Assignment ->
Print, from the listing below, the lines starting at the line containing "Fototapeta premium Monkey" and ending at the line containing "清康熙中期景德镇烧制的官窑瓷", exactly as they stand, and print nothing else.
++++ Data shown ++++
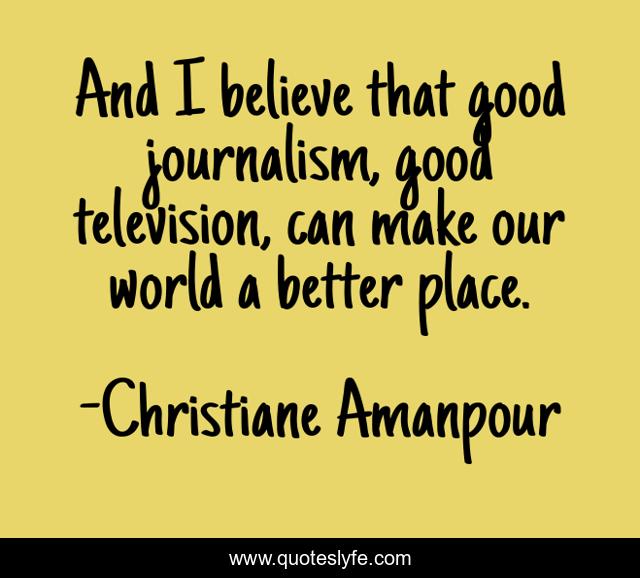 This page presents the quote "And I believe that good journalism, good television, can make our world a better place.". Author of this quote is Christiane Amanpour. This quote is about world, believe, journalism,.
++++
++++ Data shown ++++
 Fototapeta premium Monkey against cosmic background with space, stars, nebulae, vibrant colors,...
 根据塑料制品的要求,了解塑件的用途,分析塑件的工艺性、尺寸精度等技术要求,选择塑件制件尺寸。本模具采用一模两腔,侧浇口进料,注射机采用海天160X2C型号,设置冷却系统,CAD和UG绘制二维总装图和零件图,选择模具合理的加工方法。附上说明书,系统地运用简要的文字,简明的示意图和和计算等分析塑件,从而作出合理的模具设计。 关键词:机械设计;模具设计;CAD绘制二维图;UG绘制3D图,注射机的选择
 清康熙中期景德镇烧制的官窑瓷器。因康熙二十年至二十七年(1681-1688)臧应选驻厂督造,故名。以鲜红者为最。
++++
Answer box ->
 Fototapeta premium Monkey against cosmic background with space, stars, nebulae, vibrant colors,...
 根据塑料制品的要求,了解塑件的用途,分析塑件的工艺性、尺寸精度等技术要求,选择塑件制件尺寸。本模具采用一模两腔,侧浇口进料,注射机采用海天160X2C型号,设置冷却系统,CAD和UG绘制二维总装图和零件图,选择模具合理的加工方法。附上说明书,系统地运用简要的文字,简明的示意图和和计算等分析塑件,从而作出合理的模具设计。 关键词:机械设计;模具设计;CAD绘制二维图;UG绘制3D图,注射机的选择
 清康熙中期景德镇烧制的官窑瓷器。因康熙二十年至二十七年(1681-1688)臧应选驻厂督造,故名。以鲜红者为最。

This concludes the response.